Begin forwarded message:

From: jhorton <jhorton () rockiehost com>
Date: March 11, 2010 6:23:58 PM EST
To: Charles Pinneo <pinneo () sbcglobal net>
Cc: Dave Farber <dave () farber net>
Subject: Re: [IP] The day apple and amazon hate holden caulfield

Hi Charlie,

Thanks for your comments.  I want to clarify though that I am not
picking on the iPad or anyone's specific device.  

The concern I was expressing was a future where controversial books such as Catcher exist
only in digital form and that Apple/Amazon or Sony or whichever company
is running ebooks at that time comes under pressure, societal or legal
to remove such a book. 

That day will come in my lifetime and the actions of todays Amazon and
Apple around content give me no reason to believe it isn't likely.


When that day comes I do still hope that the controversial books of
yesterday, today and tomorrow continue to exist as dead tree.





On Thu, Mar 11, 2010 at 03:00:21PM -0500, Charles Pinneo wrote:
Dave,
Jeff

If Apple decides not to publish "The Catcher in the Rye" you will still be able to buy it on Kindle, Barnes & Noble, 
at a used book store, or from Amazon or Alibris.
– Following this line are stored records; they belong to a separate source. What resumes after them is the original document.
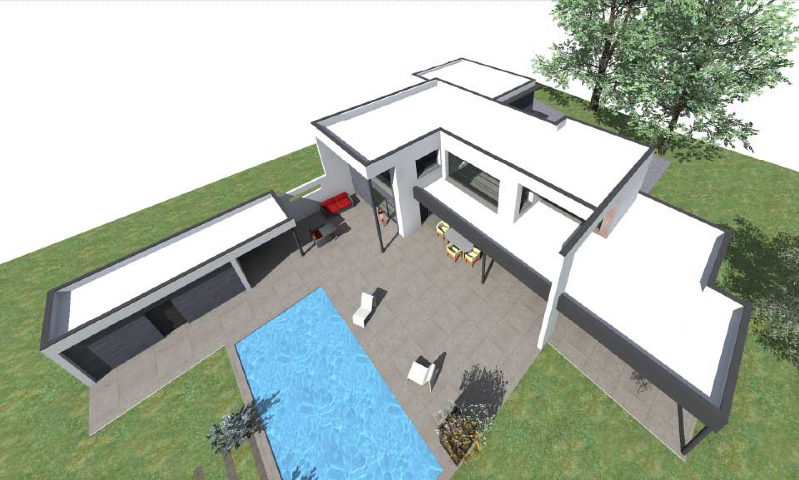 Les extérieurs comprennent une piscine 4 × 10 m à fond plat de 1,50 m (structure réalisée) ainsi qu’un pool house. Les espaces paysagers, terrasses et clôtures restent à finaliser.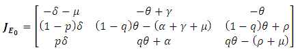Then the awareness free equilibrium point E0, is given by![]() | (3) |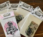 4" x 6" 3-colour (pink, slate and black) print with 4 large holographic vinyl stickers in an limited edition of 120 sets.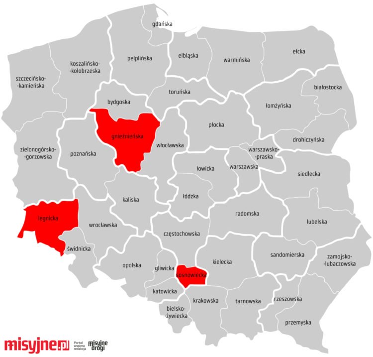 Mapkę przygotowaliśmy 11 czerwca 2020 o 18:00 na podstawie komunikatów ze stron archidiecezji. Jeśli wiesz, że w twojej archidiecezji czy diecezji jest inaczej – daj znać. Uaktualnimy!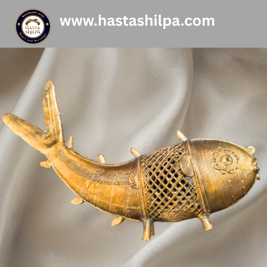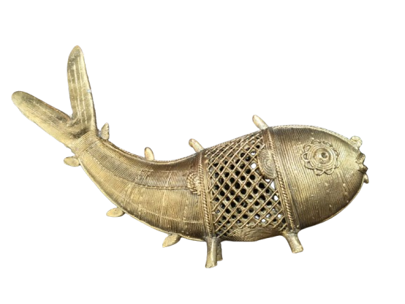 The Matsya Shobha is a magnificent handcrafted Dhokra fish, cast in solid brass using the ancient lost-wax (Dhokra) technique. Its flowing form and intricate patterns reflect both artistic mastery and deep cultural symbolism. Symbolizing abundance, prosperity, and the natural rhythm of life, this piece beautifully bridges tradition with timeless décor. Whether placed in a home, office, or gifted as a token of blessings, the Matsya Shobha brings an aura of elegance and positive energy.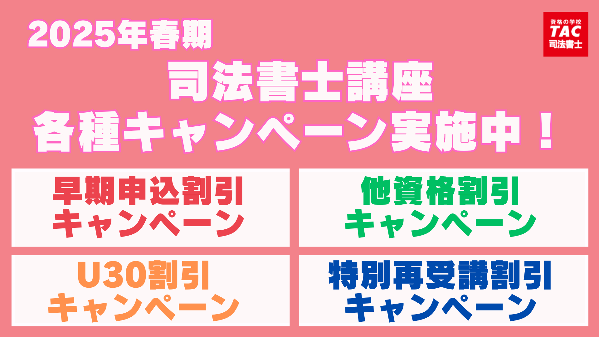 TAC取扱代理店(大学生協・書店等)割引、NEXT割引、日商ステップアップ割引、株主優待割引券、法人割引のいずれか1つの割引との併用は可能です。

As far as I know Apple has decided not to allow pictures of naked 
women in bad taste on iPhones. How is this a bad thing? "The Catcher in the Rye" has not been published on the iPad 
because the iPad won't be out until April. Why are we criticizing Apple for something they didn't do? Apple does not 
have a lock on publishing yet. Why don't you blow the whistle when they do something naughty. So far Apple has made 
innovations in music distribution and in the future they will make exciting new innovations in e-book publication. 

David Pogue said this about iPad bashing: "Now Phase 2 can begin: the bashing by the bloggers who've never even tried 
it: "No physical keyboard!" "No removable battery!" "Way too expensive!" "Doesn't multitask!" "No memory-card slot!"

That will last until the iPad actually goes on sale in April. Then, if history is any guide, Phase 3 will begin: 
positive reviews, people lining up to buy the thing, and the mysterious disappearance of the basher-bloggers."

<http://www.nytimes.com/2010/01/28/technology/personaltech/28pogue-email.html>

Charlie Pinneo
pinneo () sbcglobal net
------------------------------
On Mar 10, 2010, at 9:14 PM, David Farber wrote:



Begin forwarded message:

From: jhorton <jhorton () rockiehost com>
Date: March 10, 2010 6:01:11 PM EST
To: dave () farber net
Subject: [RESEND with corrections] The day apple and amazon hate holden caulfield

Hi Mr. Farber, love your ip list.

Todays messages about Apples content made me want to send you a blog
post I wrote recently that has my concerns about the future.

If you find it interesting please feel free to forward.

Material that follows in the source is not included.